Big Brother, also known as Velký Bratr in Czech, is a reality competition television series broadcast in the Czech Republic by TV Nova in 2005. The Czech version is based on the popular Dutch Big Brother international television franchise, produced by Endemol, where a number of contestants live in an isolated house for a certain period of time. At all times, housemates are under the control of Big Brother, a rule-enforcing authority figure who monitors the behaviour of the housemates, sets tasks and punishments, and provides the only link to the outside world for the contestants. The premiere saw thirteen housemates originally enter the house, with four additional people entering at various points during the programme.
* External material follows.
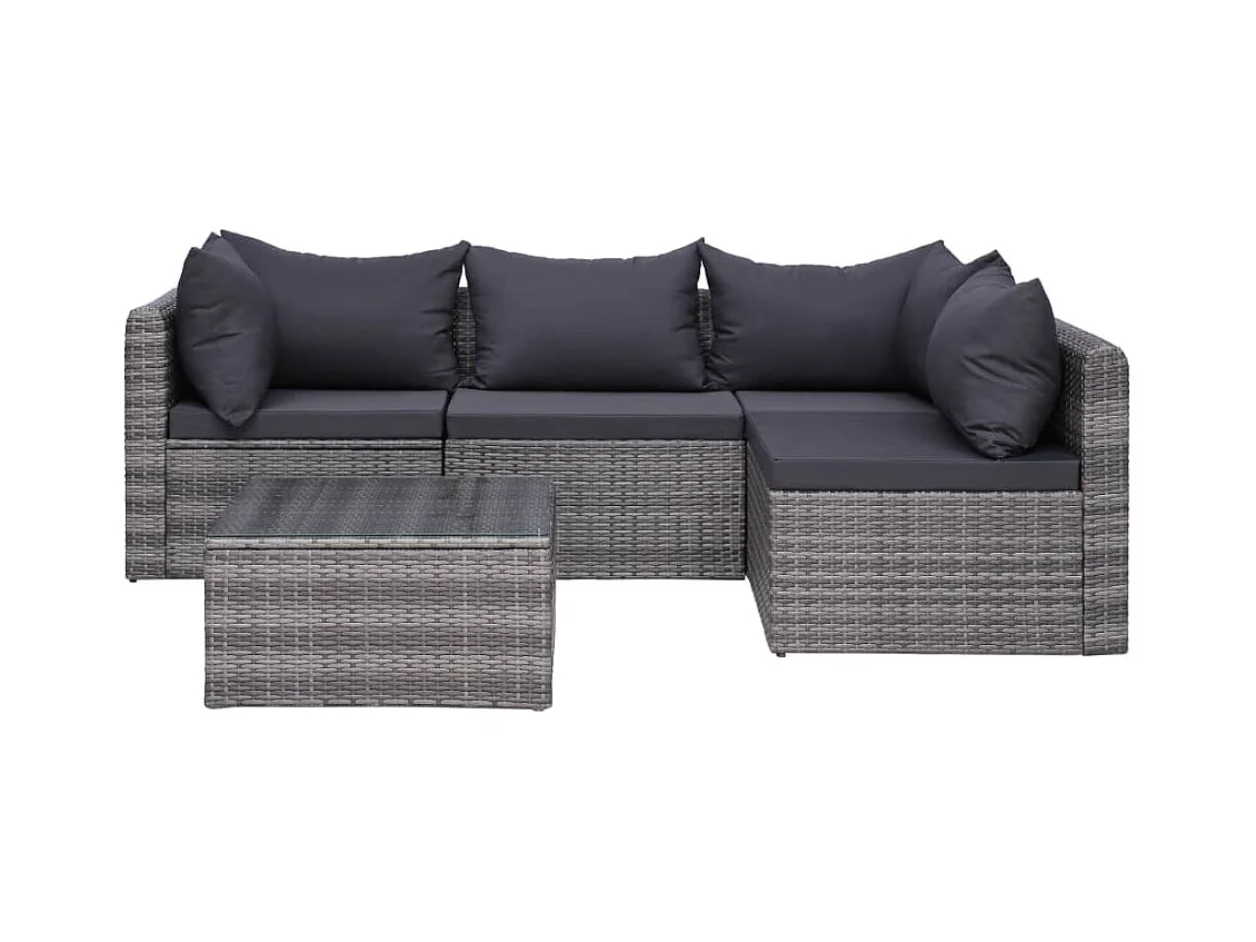 5 pcs conjunto lounge de jardim c/ almofadões vime PE cinzento

The show caused controversy when contestant Filip Trojovský was recognized as gay porn star Tommy Hansen. Also a commercial model, Trjovský starred in a TV spot for a German milk-company prior to entering the house. A German tabloid revealed the scandal, causing the spot to be taken off the air. When his past became known, Trojovský became the first person to be evicted, and as a result, the ratings quickly fell. He was quickly reinstated as a housemate a few weeks later. In the end, Trojovský, who started a heterosexual relationship in the house, finished in third place.

The winner of this series was David Šin, who won the grand prize of 10,000,000 Czech koruna (400,000 Euro) after spending 113 days inside the Big Brother House.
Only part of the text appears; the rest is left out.